In Ayurvedic Medicine, Prevention is Key
Of course, the concept of prevention is not strictly relegated to Ayurveda. Changing your lifestyle to include more live foods, vegetables, and organic, grass-fed meats while reducing processed foods is part of it. In addition, reducing stress, getting adequate amounts of sleep and exercise, reducing your toxic burden, and fortifying the body with quality supplements are all good practices for health and vitality no matter who you are.
These days, more people are learning about ancient systems such as Ayurveda in order to provide an overall game plan for preventing cancer. They are doing this not only for their physical health, but for a quality life in general. Today all over the world, millions of people practice daily stretching, meditation & prayer, and take healing herbs associated with Ayurveda every day.
6 Ayurvedic Medicine Modalities You May Have Never Heard Of
There may be some Ayurvedic modalities you may not be as familiar with, however:
Abhyanga means massage and is a key part of Ayurvedic therapy. It usually involves oils prepared with specialized Ayurvedic herbs and essential oils for lymph drainage, detox, and relaxation.
Shirodhara is a kind of massage that is done by gently pouring warm herbalized oil over the forehead. Shirodhara is said to synchronize brain waves patterns and help to coordinate and calm the body as well the mind. For those who wish to prevent breast cancer, Stanya Shodhana massage uses castor, coconut, olive, or other herbalized or non-herbalized oils to gently massage the breast area. This is for detoxification and to help immobilize accumulated toxins in the mammary glands.
Swedana is an herbalized steam bath. In this procedure, the head and heart are kept cool while gentle hyperthermia is applied to the rest of the body. This procedure is said to remove both physical and emotional toxins lodged deep within the tissues.
This is dry lymphatic skin brushing. This procedure helps increase circulation and cleanses the pores of the skin.
Basti is an enema using Ayurvedic herbs in order to pull toxins out of the colon.

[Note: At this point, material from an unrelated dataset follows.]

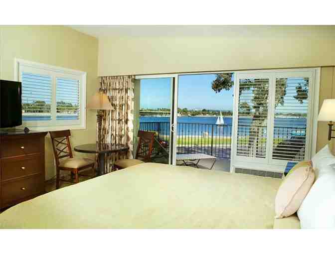 The Bay Club Hotel and Marina is located on Shelter Island, San Diego's Hawaiian Isle. The hotel is surrounded by the San Diego Bay, which not only offers stunning sunset views, but also recreational activities such as fishing and sailing. The island is a prime spot for exploring the paths that overlook the water, and the Bay Club Hotel and Marina San Diego has free bicycle rentals to make your trailblazing more exciting. The Bay Club Hotel and Marina also has an outdoor pool and hot tub to provide further amusement and entertainment. After a day of touring the island or venturing out to the local San Diego attractions, guests can relax with a cocktail and a waterfront view of the marina at the hotel's Club Bar and Grill.

Panchakarma means “five treatments.” It is designed to use up to five of the above modalities (and others not mentioned) in order to engage all five senses for a deeply detoxifying experience for mind, body and soul. Panchakarma is individually tuned to each individual’s health needs. Check with an Ayurvedic center near you to see if they offer this service. Basti (enema) is usually performed at the end of a Panchakarma treatment in order to get rid of loosened impurities. It is also used to introduce Ayurvedic medicines into the blood and tissues in the most effective way possible.
Ayurveda offers a rich body of information and practices for the health of the body, mind and spirit − indeed, this article barely scratched the surface of that knowledge. Ayurvedic treatment for cancer is an excellent adjunct to any healing journey and its contribution to what we now call the modern science of “natural healing” is beyond compare.